Spousal Support (Spousal Maintenance)
To be eligible to receive spousal maintenance, the petitioner must prove that she (1) is a spouse and (2) has met the statutory requirements based on a ten-year marriage or family violence. O’Connor’s Texas Family Law Handbook, 262 (2010). To be eligible to receive spousal maintenance, the petitioner must be a spouse or a putative spouse. Id. In addition, the petitioner must prove one of the two statutory bases under Family Code § 8.061.
(a) Claim based on 10-year marriage. Under Family Code § 8.051(2), the petitioner is eligible to receive spousal maintenance if she proves (1) the marriage lasted ten years or longer, (2) the petitioner lacks sufficient property to meet her minimum reasonable needs, and (3) the petitioner cannot support herself because of her own disability, her child’s disability, or her lack of earning capacity. Id.
(1) Married at least 10 years. The petitioner must establish that she and the respondent have been married for ten years or longer. Id.

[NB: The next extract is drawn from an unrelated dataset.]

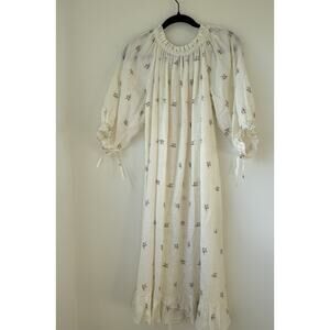 The Sleeper Linen Flower Dress in kids size 4 is a stylish and comfortable loungewear option for young girls. Made from 100% linen, this ivory dress features beautiful floral designs, adding a touch of charm to any summer wardrobe. With a midi length, this dress is perfect for both playtime and special occasions, making it a versatile and lovely addition to any little girl's closet.

The ten year period is measured from the date of marriage to the date of trial. Id.
(2) Insufficient property to meet minimum reasonable needs. The petitioner must establish that she lacks sufficient property to provide for her minimum reasonable needs. Id.
(A) Minimum reasonable needs. The minimum reasonable needs for a particular person or family is a fact-specific determination that ordinarily should be made by the trial court. Id. Courts have generally considered a spouse’s ability to pay the following expenses as evidence of meeting the spouse’s minimum reasonable needs: mortgage or rent payments, utility bills, auto payments, insurance (home, medical, and auto), gas, groceries, credit cards, uncovered medical expenses, drugs and medicine, clothing, child care, and transportation costs. Id.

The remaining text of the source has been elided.